Adaptation in the ocean: why does it matter for conservation?

Understanding how populations adapt to their local environment is a central question in conservation biology. Populations that have evolved in response to specific environmental conditions such as high temperature or salinity may harbour unique genetic variation that allows them to persist under those conditions. As environments change, whether through climate change, pollution, or habitat modification, the capacity of populations to adapt becomes critical to their long-term survival.

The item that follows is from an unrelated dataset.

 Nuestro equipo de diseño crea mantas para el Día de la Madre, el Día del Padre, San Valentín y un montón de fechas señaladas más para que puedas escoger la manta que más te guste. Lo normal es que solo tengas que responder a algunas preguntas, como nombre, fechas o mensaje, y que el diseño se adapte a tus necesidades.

Identifying loci under natural selection allows us to:

  • Identify environmental gradients imposing selection
  • Characterise the genetic basis of local adaptation
  • Delineate adaptive units that may need consideration in management plans
  • Predict which populations are most vulnerable to environmental change
  • Prioritise populations for conservation interventions

Genotype-Environment Association (GEA) analysis

GEA approaches test for statistical associations between population allele frequencies (or individual genotypes) and environmental variables across sampling locations. The underlying logic is simple: if a locus is under selection by a particular environmental variable, we expect allele frequencies at that locus to co-vary with that variable across the landscape.

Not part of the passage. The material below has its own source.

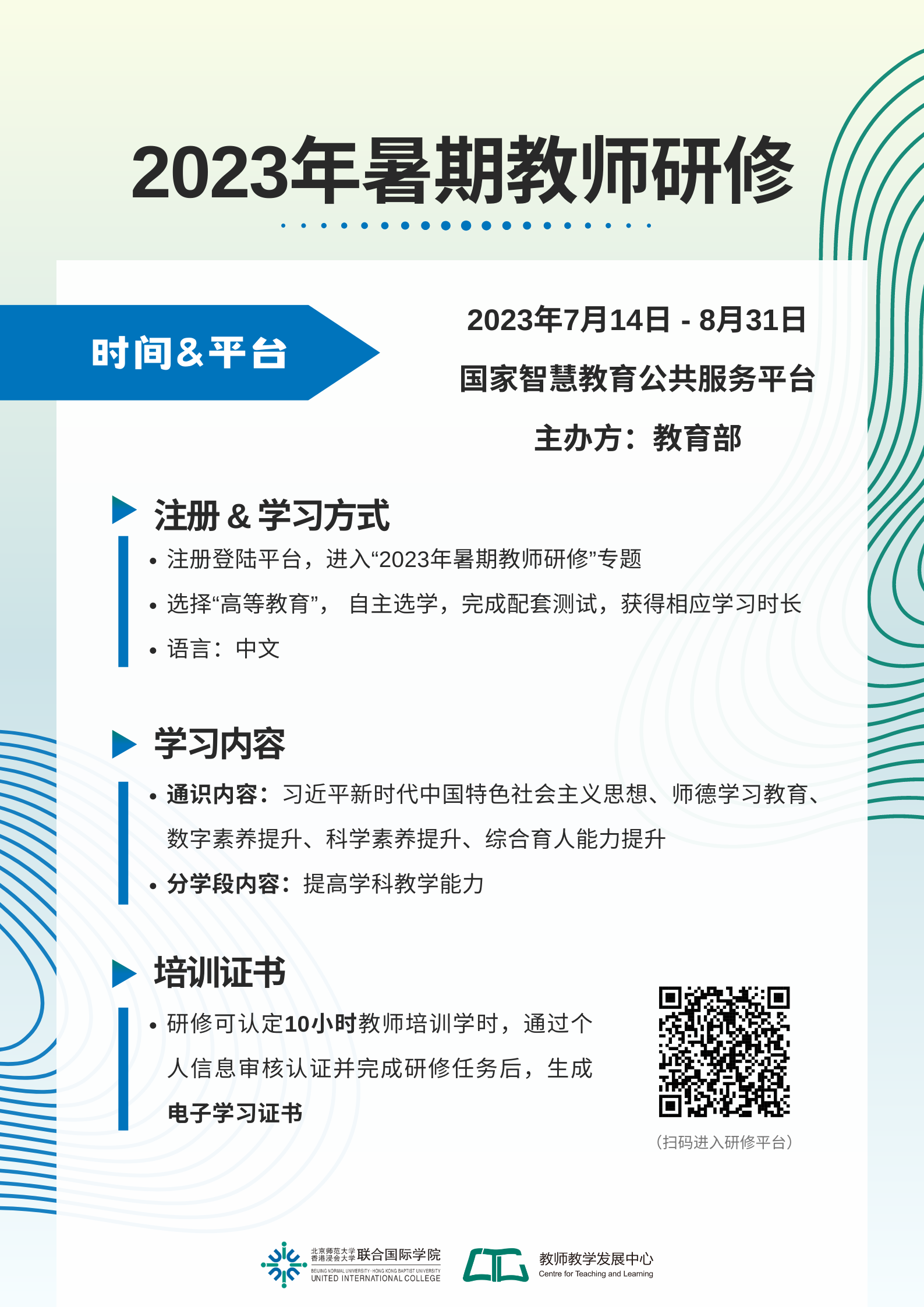即日起至8月31日,进入国家智慧教育公共服务平台(www.smartedu.cn), 注册登录后,点击“2023暑期教师研修”专题,选择“高等教育”,自主选学并完成配套测试,获得相应学习时长。

A key challenge is that genetic differentiation driven by neutral processes (drift, isolation by distance) also creates correlations between allele frequencies and geography. Because many environmental variables are themselves spatially structured, neutral genetic structure can generate spurious GEA signals. Accounting for this confounding is an essential part of GEA analyses and interpretation.


Why Redundancy Analysis (RDA) for GEA?

Redundancy Analysis (RDA) is a multivariate constrained ordination method that models the relationship between a matrix of response variables (e.g. SNP allele counts/frequencies) and a matrix of explanatory variables (environmental predictors). Conceptually, it’s multivariate multiple regression + ordination: it first fits allele-frequency variation as a function of environment, then summarizes the fitted (environment-explained) genetic variation into a small number of canonical axes that represent combinations of environmental variables.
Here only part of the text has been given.